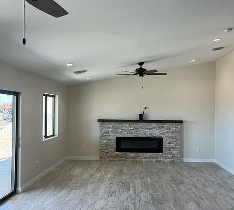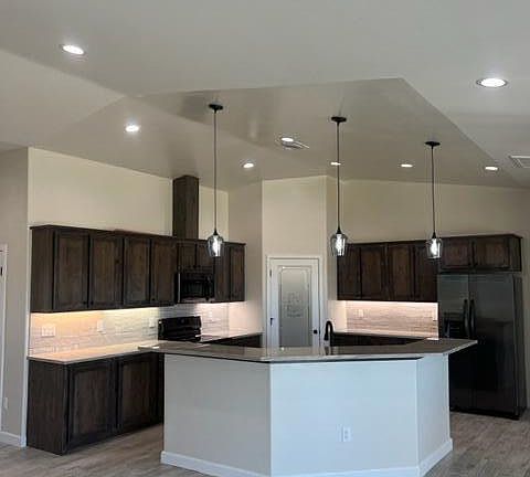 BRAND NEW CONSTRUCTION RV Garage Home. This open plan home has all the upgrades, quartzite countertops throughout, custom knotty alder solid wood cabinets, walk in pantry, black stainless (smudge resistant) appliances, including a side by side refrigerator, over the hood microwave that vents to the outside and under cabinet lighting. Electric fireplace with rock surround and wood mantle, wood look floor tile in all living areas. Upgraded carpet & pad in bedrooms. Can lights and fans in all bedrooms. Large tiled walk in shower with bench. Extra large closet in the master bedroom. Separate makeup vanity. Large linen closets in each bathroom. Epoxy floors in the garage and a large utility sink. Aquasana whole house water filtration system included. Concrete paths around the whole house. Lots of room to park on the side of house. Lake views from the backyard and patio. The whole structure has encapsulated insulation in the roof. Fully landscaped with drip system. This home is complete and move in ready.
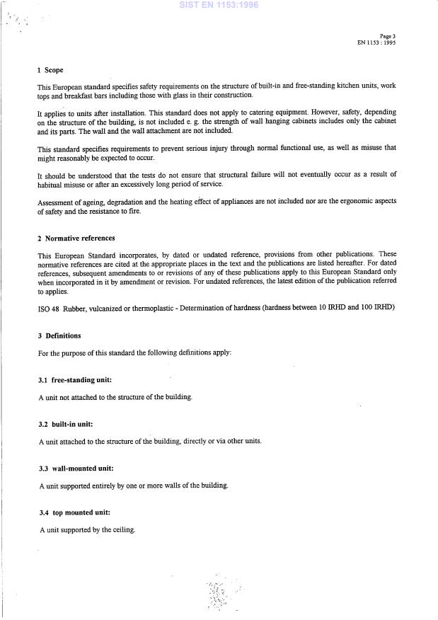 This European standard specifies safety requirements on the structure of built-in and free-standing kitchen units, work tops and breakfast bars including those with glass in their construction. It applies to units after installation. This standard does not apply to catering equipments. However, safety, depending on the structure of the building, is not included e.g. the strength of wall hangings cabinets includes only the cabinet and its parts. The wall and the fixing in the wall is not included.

--

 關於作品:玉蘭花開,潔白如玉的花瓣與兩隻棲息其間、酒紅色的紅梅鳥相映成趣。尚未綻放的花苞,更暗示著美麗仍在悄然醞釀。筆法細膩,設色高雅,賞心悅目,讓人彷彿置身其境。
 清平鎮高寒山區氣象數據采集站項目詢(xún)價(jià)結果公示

▶ [Problem]
When you reach the line containing "關於作品:玉蘭花開,潔白如玉" in the data above, start copying exactly, and stop after the line containing "清平鎮高寒山區氣象數據采集站項目詢(xún)價(jià)結果公示".

▶ [Output]
 關於作品:玉蘭花開,潔白如玉的花瓣與兩隻棲息其間、酒紅色的紅梅鳥相映成趣。尚未綻放的花苞,更暗示著美麗仍在悄然醞釀。筆法細膩,設色高雅,賞心悅目,讓人彷彿置身其境。
 清平鎮高寒山區氣象數據采集站項目詢(xún)價(jià)結果公示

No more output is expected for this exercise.